1) MVC design pattern for the user interface

In developing GUI-based applications, a well-known best practice is to separate the data from its presentation, because the presentation may vary a lot according to specific requirements, e.g., in a chart or in a table. Since the first release of iOS, Apple has recommended to adopt the Model-View-Controller (MVC) design pattern to emphasize this best practice, which is delineated in Fig. 8. Generally, model objects hold the data or knowledge we have, and view represents something visible in the user interface dedicated to displaying the data. However, the model and the view cannot communicate directly in order to reduce coupling. Instead, they are mediated by the controller object, typically through the delegate pattern.

Fig. 8. Model-View-Control(MVC) design pattern.

In practice, we define a model object to access the data stored in the database or the file system, as shown in Fig. 7. When there is a proper change in the data, the model notifies the controller object, and subsequently, the controller attempts to update the view according to the changed data. In the other direction, when the user interacts with the view, his/her action is passed to the controller, which further informs the model about the user intention, e.g., updating or deleting data. Despite its simplicity, the layers of a typical GUI application can be cleanly decoupled by the MVC pattern to encourage better organization and to promote code reuse. In our app, each window is constructed with the MVC pattern described above.

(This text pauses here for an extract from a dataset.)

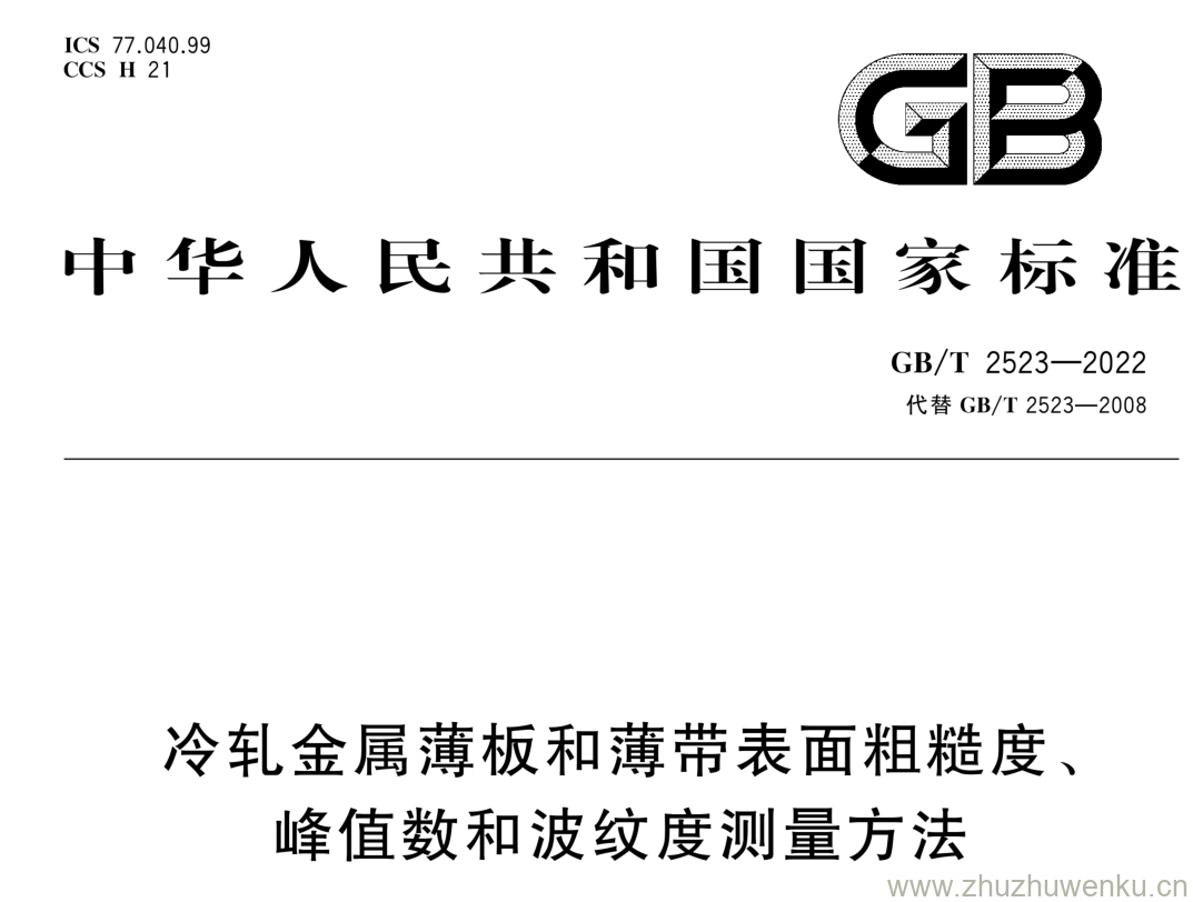 GB/T 2523-2022 pdf 下载冷轧金属薄板和薄带表面粗糙度、 峰值数和波纹度测量方法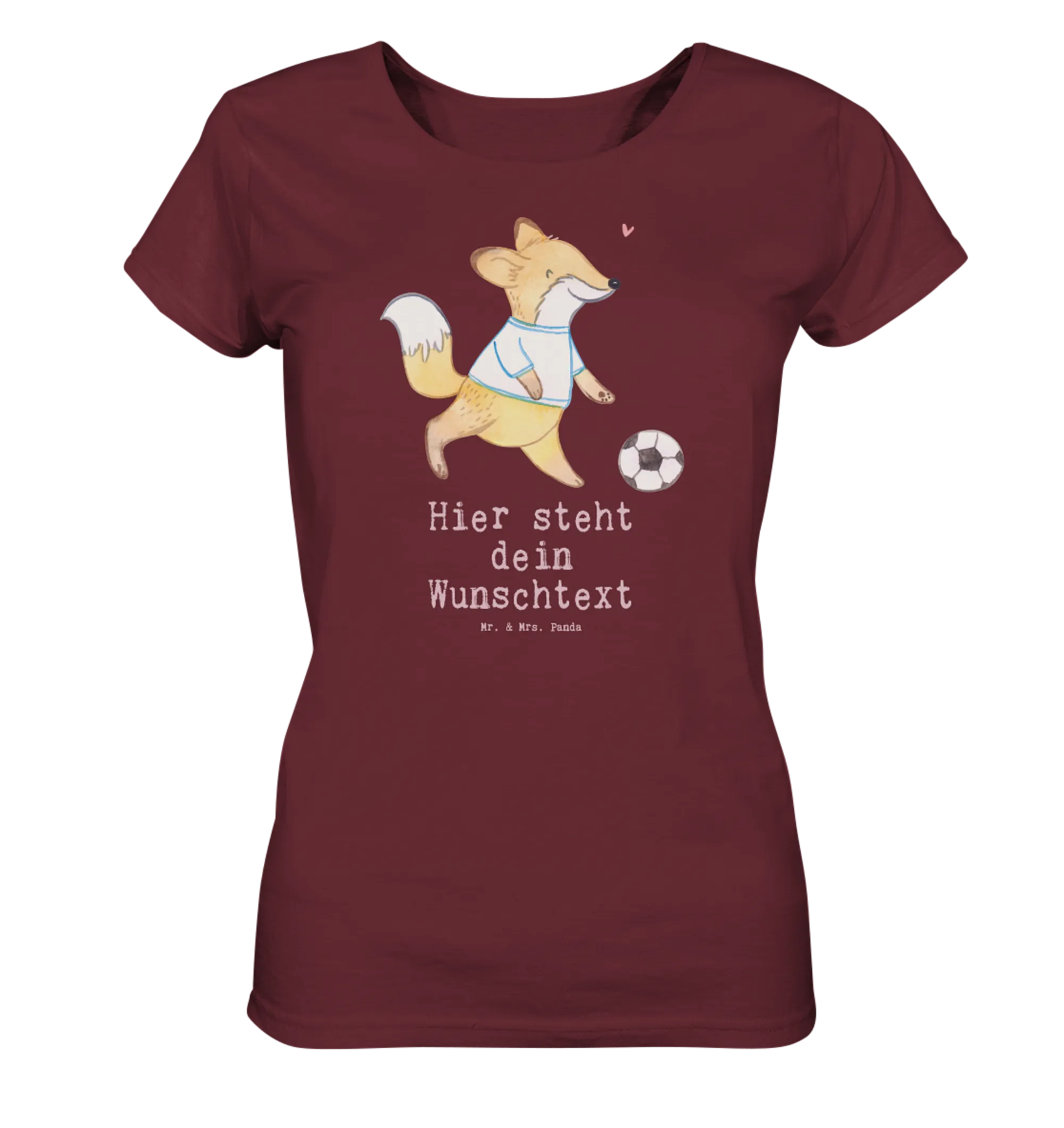 Das personalisierte Shirt Damen mit dem süßen Fuchs, der begeistert Fußball spielt, ist das perfekte Geschenk für alle Sport- und Fußballliebhaberinnen!

2) Data-driven presentation in collection views

To better display multiple audio information and target speaker items, table view and collection views are extensively used in the GUI interface of our application. For better flexibility and reusability of the program, it is best to separate the data from its visualization through a UI-Data-Operation style. In the iOS development framework, the data are stored in a data source object and the operation is represented by a delegate object. Note that the table views and collection views in iOS UIKit are all designed with a specialized MVC mechanism.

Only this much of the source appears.